Traces by Stephanie Dowda / Jan 6 – Feb 11

“And With The Pain The Fog Clears,” 10 x 10 inches, gelatin silver contact print

The world of Stephanie Dowda’s new show at Whitespace, Traces, is one irrevocable. Traces is divided into two acts: 33 Marks and Evoco, a conceptual decision perfectly suited to the halved space of the gallery. Traces itself has an inherent twoness, or, perhaps more accurately, an inherent simultaneity. Its photographs are both formally conservative and yet strikingly manipulated; it is both corporeal and necromantic; it is both present and nearly vanished.

Dowda’s project was composed in both Vermont and Virginia but singularly in the aftermath of a long event: the illness and death of Dowda’s mother. But nowhere in Traces do we see an explicit nod to disease, death, or even burial. It is only alluded to in Dowda’s artist statement. Instead we see a world irrevocably marked by loss. I use the verb “marked” consciously. The first room of the gallery is devoted to 33 Marks, the section where Dowda privileges the photographic negative as its own object. During her process, Dowda would fold or deface the negatives before using them in the shoot. The result are silver gelatin prints of pastoral scenes marked by blinding, lit folds—the dark, square object contained tightly in a white frame. At its most dramatic, the object seems mutilated; at its most neutral, it is simply altered.

“Listening,” 24 x 30 inches, archival print

In Evoco, Dowda has unprecedentedly reintroduced the eighteenth-century Claude glass. Named for the French landscape painter Claude Lorrain, these small, convex mirrors were painted dark so as to diminish and abstract light, and thus were rich instruments for painters. The Claude glass has the unique quality of permanent distortion.
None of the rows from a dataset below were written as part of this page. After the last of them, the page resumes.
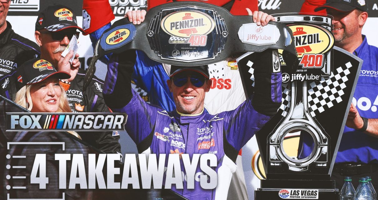 Denny Hamlin needed to rally last fall to win at Las Vegas Motor Speedway. So having to rally again was no problem Sunday, especially with what appeared to be a more dominant car. Hamlin overcame a speeding penalty to lead 134 of the 267 laps to capture his second consecutive victory at the track and 61st in his career. Here are my takeaways: 1. Hamlin’s Record Book The victory put Hamlin in sole possession of 10th on the all-time victory list, as he previously was tied with FOX Sports analyst Kevin Harvick. “I feel very fortunate to be on the list,” Hamlin said in his FS1 interview after the race. “Those guys [ahead of me] were far more talented than I have ever thought about being. I just work really hard. “I still to this day work really hard at my craft to try to continue to get better.” Hamlin does have talent, but his work ethic is evident by the fact that most drivers seem to fall off after they turn 40. Hamlin is still going strong at age 45. 2. Good Hendrick Day Hendrick Motorsports put three drivers in the top seven, with Chase Elliott (second), William Byron (third) and Kyle Larson (seventh). Elliott had the typical reaction of a driver who came close but ran out of time to catch the leader. “As bummed as I am to come up that close to a win, I have to kind of bring myself back to a reality check [of] how much better we ran today than we’ve been running,” Elliott said in his FS1 interview. 3. But Not-So-Good Rest Of Chevy Chevrolet debuted a new body style this year, and this race on a traditional 1.5-mile track was supposed to tell something about whether it was an improvement. It seems like it is OK for Hendrick but not for the rest of the Chevrolets. Austin Dillon was the best non-Hendrick Chevrolet in 12th. Ross Chastain and Daniel Suarez battled for 17th and then argued about it afterward. The highest non-Hendrick Chevrolet driver in the standings is Spire’s Michael McDowell, who, in 14th, is just five points above the current playoff cutoff. 4. Speedy Briscoe Chase Briscoe was among the Joe Gibbs Racing drivers who got speeding penalties. Three of the four (Briscoe, Hamlin and Ty Gibbs) got them. But he had already felt the wrath of going too fast before the race as he admitted he got a speeding ticket. “Two speeding penalties in one day,” Briscoe said in his FS1 interview. “I got pulled over coming to the race track and then I got a speeding penalty here. … I’ve got to slow it down, apparently.” 4 ½: What’s Next The Cup Series heads to Darlington, as it continues a stretch of seven consecutive races of tracks that are in the 10-race postseason Chase. It started with Phoenix and Las Vegas over the last two weeks and then continues with Darlington, Martinsville, Bristol, Kansas and Talladega.
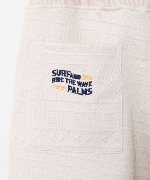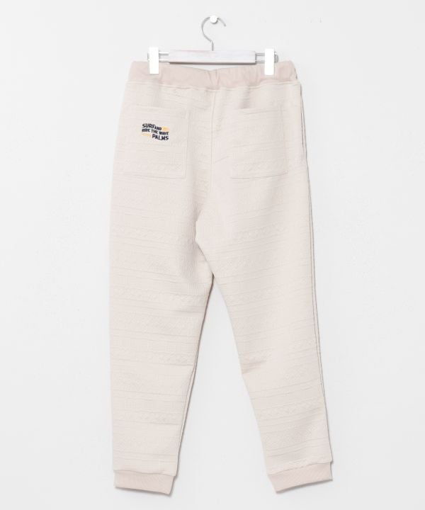 ストレッチ性のあるふくれジャカード素材を使用したユニセックスサイズのパンツ。
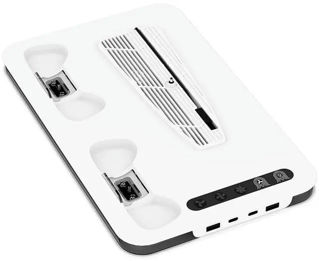 • Cooling Fan Station with Dual Controller Charger 3 Level Fan RGB Light Cooling Stand for 5/Slim/Pro Accessories
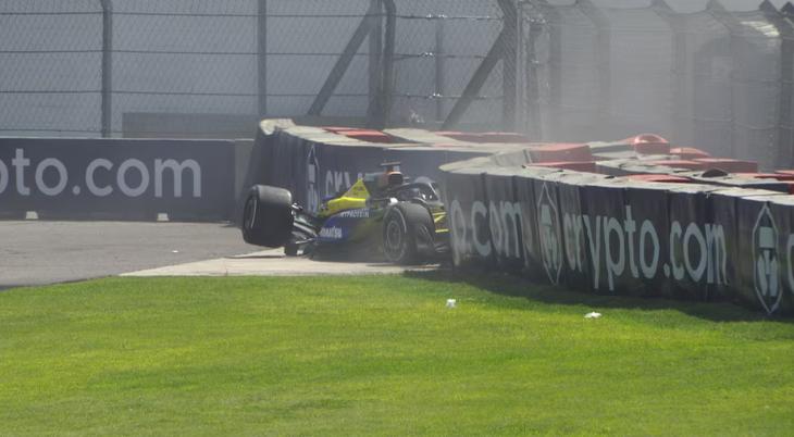 A pesar de eso, el experimentado corredor perdió la cola del auto y embistió con la parte derecha del auto a la Ferrari. Sin poder frenar, el auto que venía a gran velocidad siguió embalado y, tras un trompo, chocó de manera brutal contra las contenciones por fuera del circuito. Después del fuerte golpe, el piloto le llevó tranquilidad al equipo y dijo que estaba bien.

Dowda’s Claude mirrors hang against the surface of her large prints, which in Evoco are indecipherable forms captured. Many of them are not traditionally framed, but are held by glass hooks—the prints gently levitating before the wall, occasionally pressing against their restraints with a cycle of air or a body passing. How unexpectedly Dowda gives us access to her changed vision. She enters the invisible as if it was always meant to be seen.

Whitespace intern Nathan Blansett

Stephanie Dowda’s Traces will be at Whitespace until February 11.